Limited housing stock has emboldened more Americans to demand lower commissions.

You just sold your home for $400,000. Good going, nice job, congratulations. Kudos are also due to the real estate agents who helped you close the deal. If you live in a part of the country where the standard commission is 6 percent, you probably just paid them $24,000. Or maybe not.

Real estate commissions are set by custom, not written in stone, and a new survey suggests Americans are haggling. Sixty percent of people who sold a home in the U.S. over the last year got a discount from their agent, with average savings of 41 percent off the standard commission, according to real estate brokerage Redfin. These aren’t trivial amounts: If you’re selling a $400,000 house and manage to cut your agent’s commission to 5 percent, you just saved $4,000. If you got the 41 percent discount that Redfin’s survey identified as the average, you saved just under $10,000.

Why are sellers cutting better deals? One explanation is that low inventory in some markets means a lot of agents are fighting over a small number of listings. In May, the number of U.S. homes listed for sale was down 4.2 percent from the previous year, according to data published by Realtor.com. The shortage of homes for sale has been the dominant theme in such markets as San Francisco and Dallas, driving up prices and forcing buyers to make snap decisions and waive contingencies. Lately, those conditions have been migrating to smaller, less likely cities, including Omaha, Neb., and Buffalo, N.Y. Not only do tight markets create more competition between agents, they also tend to increase sales prices and decrease the amount of time it takes to sell a home—two factors that are probably making it easier for an agent to accept a lower fee.

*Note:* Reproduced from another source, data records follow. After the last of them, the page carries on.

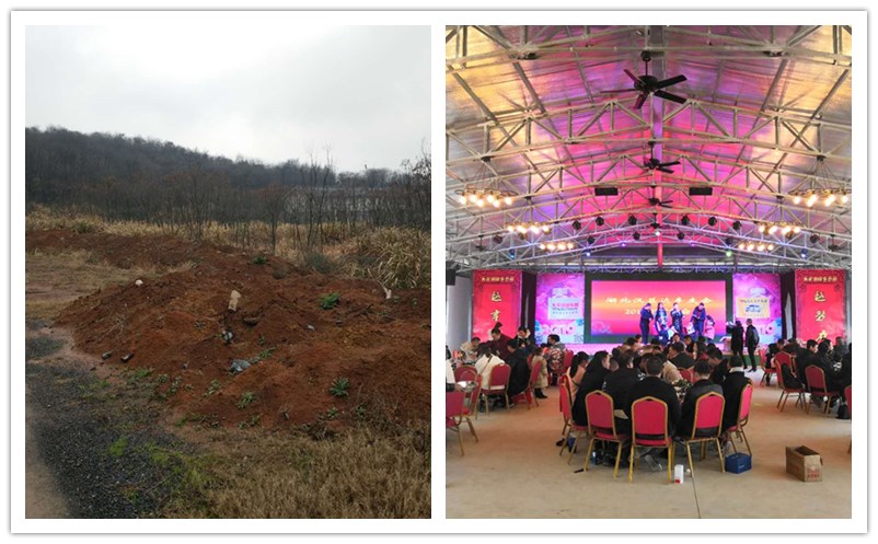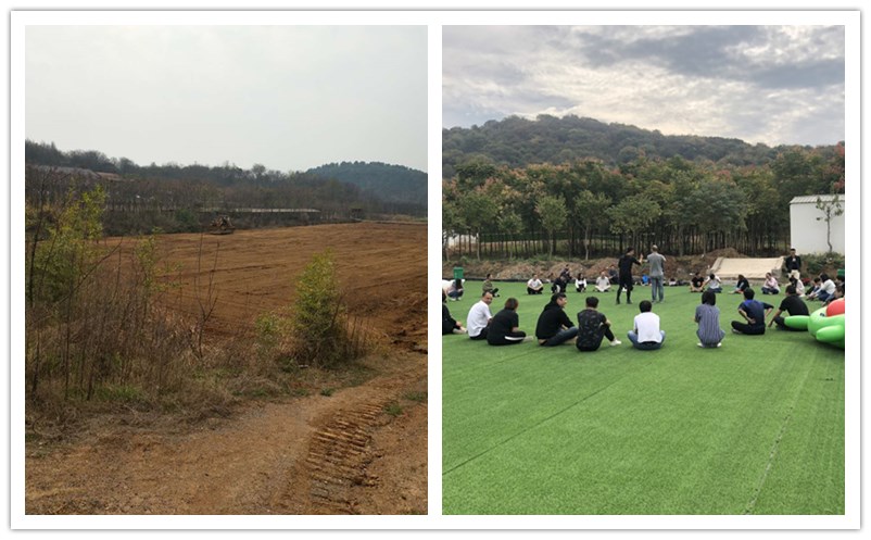 到了年尾了,各武汉企业年会场地也成了很多人开始寻找的方向。那么咱么这个武汉度假村的乐农有没有这个实力呢?来看看这张图吧。左边是什么?对,就是一块荒地,不过我们已经提前备了地基土了。右边就是一年后它的样子,已经有团队在这里享受年会的热闹氛围了。在此之前,很多的团队出游的游戏也是在这里开展的,这里承载了很多的欢声笑语和有纪念意义的瞬间。
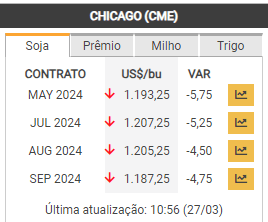 Soja caía em todos os vencimentos, nesta manhã, em Chicago.
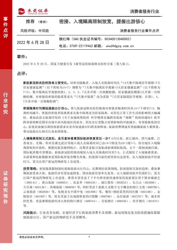 【东莞证券】【20220628】消费者服务行业事件点评:密接、入境隔离限制放宽,提振出游信心-2页
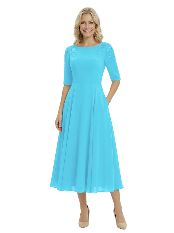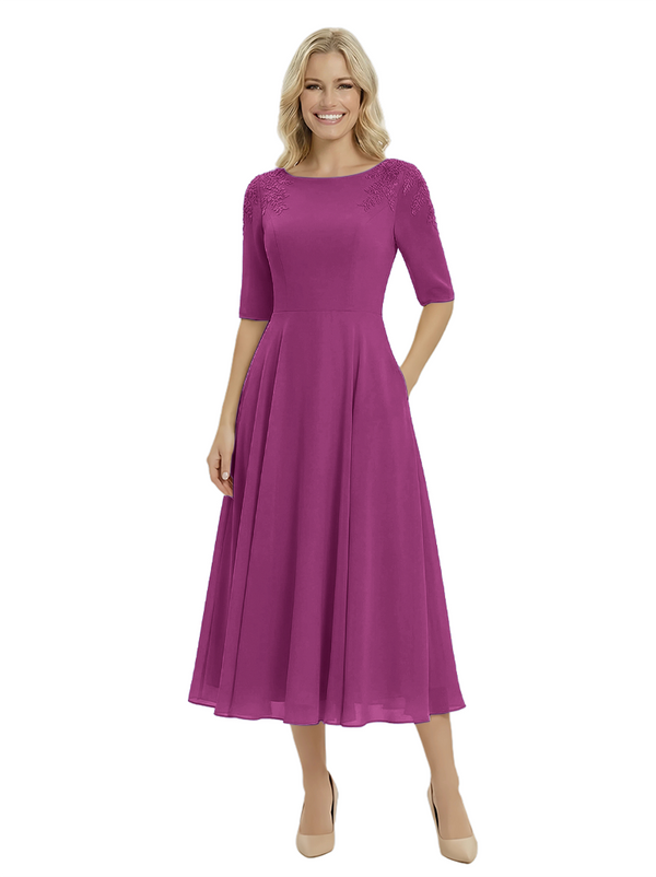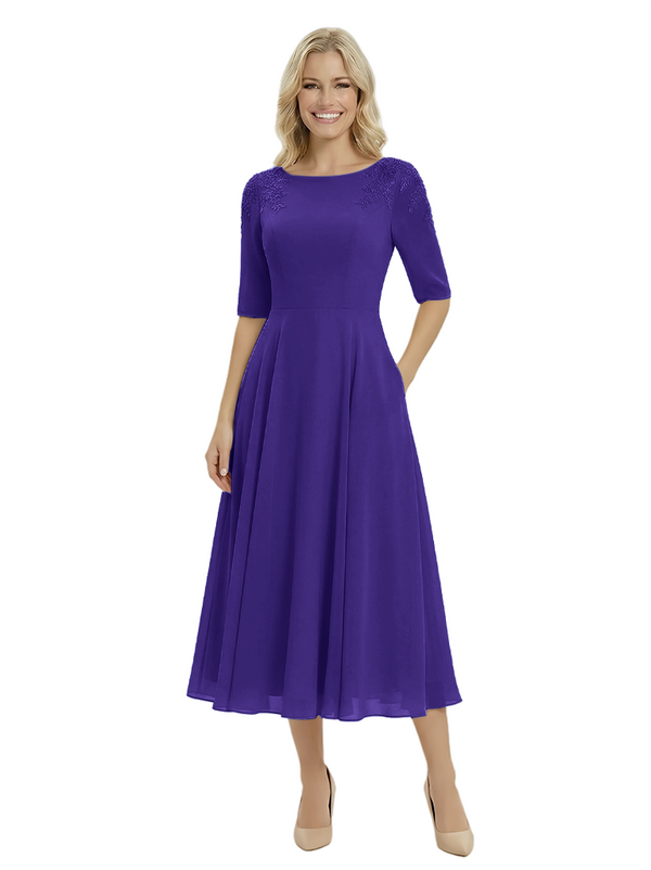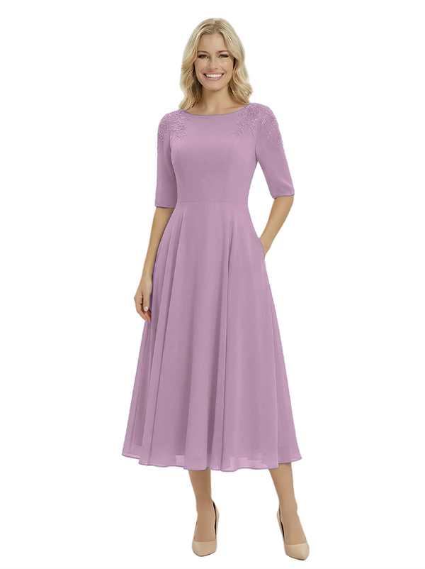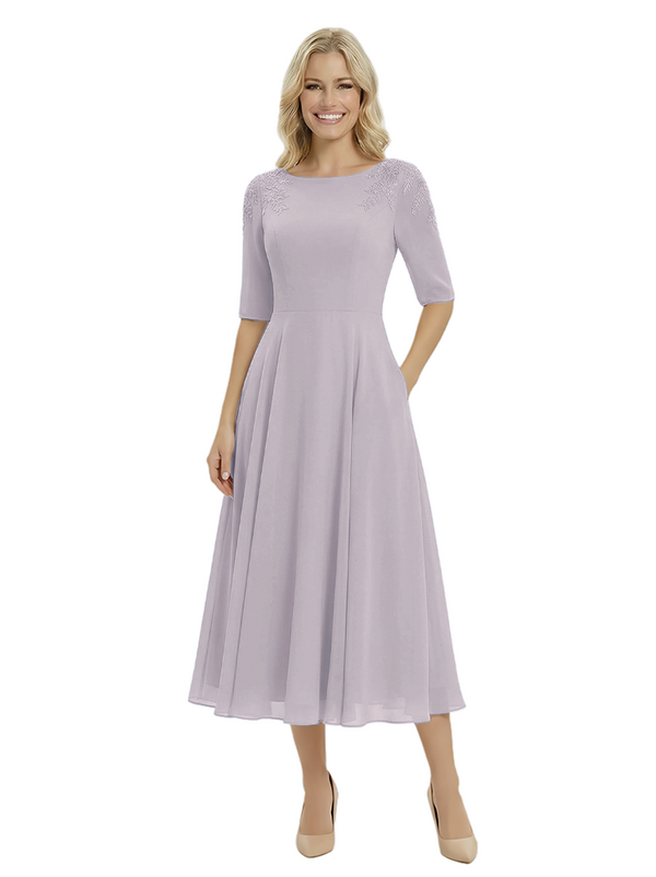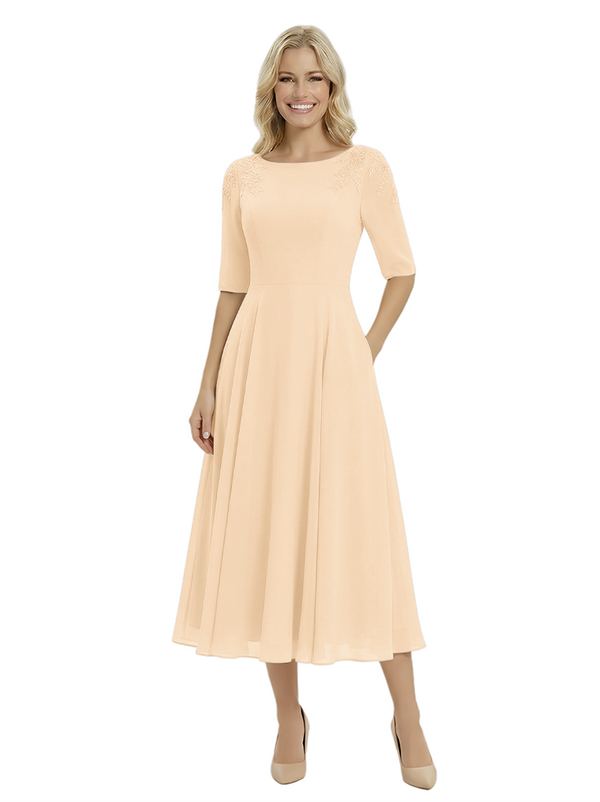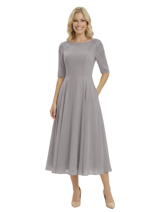 Classy A-Line Tea-Length Long Sleeves Chiffon Maxi Mother Of The Bride Dress- ChicSew – ChicSew

An additional theory, advanced by Redfin in a blog post accompanying the survey results, is that agents agreeing to accept discounted fees are responding to pressure from real estate tech startups. That cohort includes Redfin, a Seattle-based brokerage that charges sellers 1.5 percent to list a home, so it might pay to consider the source. Still, its plausible that online real estate companies are driving down commissions by charging lower fees, helping sellers list homes without agents, or forcing traditional agents to compete for new leads. 

“It used to be that I would go to a listing appointment and the sellers were already completely sold on hiring me,” said Elizabeth Weintraub, who leads a team of agents at Lyon Real Estate in Sacramento, Calif. “Now it seems like I’m having to spend most of the appointment explaining why I’m worth the commission.”

Weintraub’s argument is that 40 years in the business have given her a keen sense of when a buyer is likely to be turned down for a loan, or when there’s room to coax a prospect into making a higher offer. Others have argued that a seller who insists on paying a lower commission runs the risk of limiting the number of would-be buyers who look at the home. That’s because agents representing buyers are usually paid out of the sellers’ commission, and reduced fees have a way of trickling down. Another favorite thesis is that an agent who can’t defend his or her commission is likely to fold when negotiating the actual sale—although if you believe that, you should double your agents’ commission on the theory that the service you get in return will be twice as good.

A more plausible argument is that not all sellers look the same to real estate agents. Homes that sell for higher amounts generate larger commissions—and probably create some additional wiggle room for agents to cut fees. Likewise, a seller who plans to use the same agent to sell their old home and buy a new one probably has extra leverage in bargaining.

The Redfin survey indicates that even sellers with more modest properties and no plans to buy a new home should inquire about reducing their fee. As any good negotiator would tell you, it doesn’t hurt to ask.